As co organizer of the first International Artificial Reef Symposium 
(1973) in Houston, Texas, I have since had ample opportunity to follow 
the subject of artificial reefs and categorize the various divergent 
views they evoke. Basically there are two schools of thought that tend 
to correlate with peoples socio/political views. In simple terms they 
consist of, (1). Artificial reefs simply attract existing fish and 
therefore do not increase the numbers of fish and at the same time 
simply provide a convenient way to dispose of old boats, streetcars, 
building materials, culverts, rubber tires, and oil platforms.(2). 
Artificial reefs actually increase fish productivity if placed in the 
right locations regardless of the materials used. Of course there is 
truth in both sides of the argument.

I first entered this field while diving (spearfishing and photography) 
under offshore oil platforms off Louisiana and Texas. At the time I was 
a geologist working for Shell Oil Co.Later when I was promoted from 
geology to the environmental affairs department understanding the 
subject became part of my daily job. Yes, we had old offshore rigs that 
needed disposal but recycling the steel was more costly than purchasing 
new steel. If they could be left in place or moved to established 
artificial reef sites there were valid reasons to investigate their 
environmental functions.

What attracted my attention while diving under platforms was that those 
in the northern Gulf were located on muddy bottom many miles from any 
natural hard bottom. Surprisingly they were populated by an abundance of 
tropical reef fish normally seen on Florida coral reefs.It became clear 
they had arrived at the rigs as water borne larvae and encountered 
suitable refuge and sources of food in the form of epiphytes, barnacles 
and other attached organisms as well as an abundance of worms and shrimp 
in the surrounding bottom sediment.

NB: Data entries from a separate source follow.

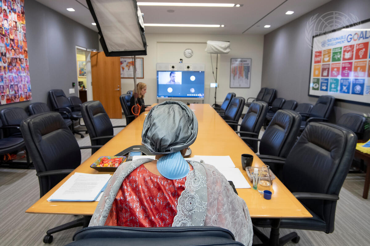 Deputy Secretary-General Amina Mohammed (front) participates in a briefing to member states on the United Nations development system’s response to COVID-19 socio-economic impact.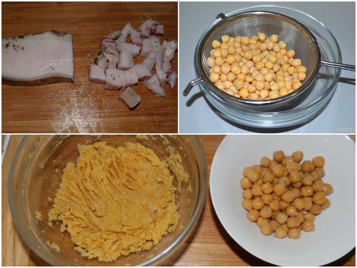 Tagliate il lardo a cubetti; scolate i ceci, sciacquateli bene, quindi sciacciatene 2/3 con una forchetta, conservando il resto interi.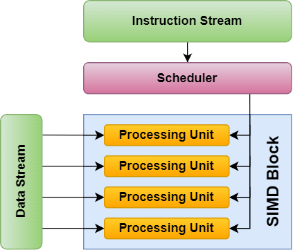 Les processeurs respectant ce type d’architecture produisent des flux d’instructions qui vont être envoyés à des processors units contenant des ALU pour exécuter les instructions du flux en parallèle.

Most of these fish larvae would 
likely have succumbed in the hostile mud bottom environment of the 
northern gulf had they not encountered these shelters. In addition there 
were lobsters living among the cross beams well above the bottom. It 
seems unlikely that they arrived as adults walking across many miles of 
muddy bottom. The sea floor beneath these rigs consists of a thick layer 
of drill cuttings, fingernail-size bits of rock, and yes, discarded 
debris, that also provide habitat for fish and crustaceans. On the other 
hand the Jacks, Barracuda, and most pelagic/migratory fish such as king 
mackerel that swarm around and under the rigs, were likely attracted 
both for shelter and to prey on the other fish that flourished there. 
Those observations provide evidence for those who favor the other side 
of the artificial reef discussion. Clearly some of both sides of the 
discussion are true.

What was most striking about the platforms however, is the range of 
habitats they provide that is not available on natural reefs. Different 
habitats range from the surface to the bottom and Red snapper generally 
occupy the rigs from bottom to the surface. I had never dived deep 
enough to see a red snapper off the Florida Keys whereas they range all 
the way to the surface under the rigs. Of course huge groupers of many 
similar species may have arrived as post larval adults and simply took 
up permanent residence. There is food/prey and shelter beneath the rigs 
regardless how they got there.

That rigs are good places to fish is well known to fishermen and divers 
in the Gulf of Mexico. However, there are non-fishermen citizens who 
thoroughly dislike these artificial reefs because they make it easier to 
catch the fish. That's a sociological side of the issue. And of course 
there are those who seem to be born to hate oil companies and naturally 
see no good in them.Off the east coast of Florida there is yet another 
issue; conflict between divers and line fisherman. I never saw this as a 
problem around the rigs but probably existed in some areas. To mediate 
this conflict the Dade County artificial reef program sank some old 
vessels and other objects, including surplus army tanks, in water to 
deep for divers. They became the favorites among line fishermen. I 
examined many of these "reefs" using a submersible to determine the 
optimum depth to alleviate this conflict. The study found that it is 
essential to place such artificial reefs well away from natural reef 
bottom. The artificial reefs serve best when not in completion with 
natural hard or coral reefs. On all of these artificial reefs we 
examined there was no simple way to determine if they simply attracted 
existing fish or served as primary producers. However, it was clear in 
all cases that fish were feeding on algae and any crustaceans attached 
to the objects. They do provide food and shelter.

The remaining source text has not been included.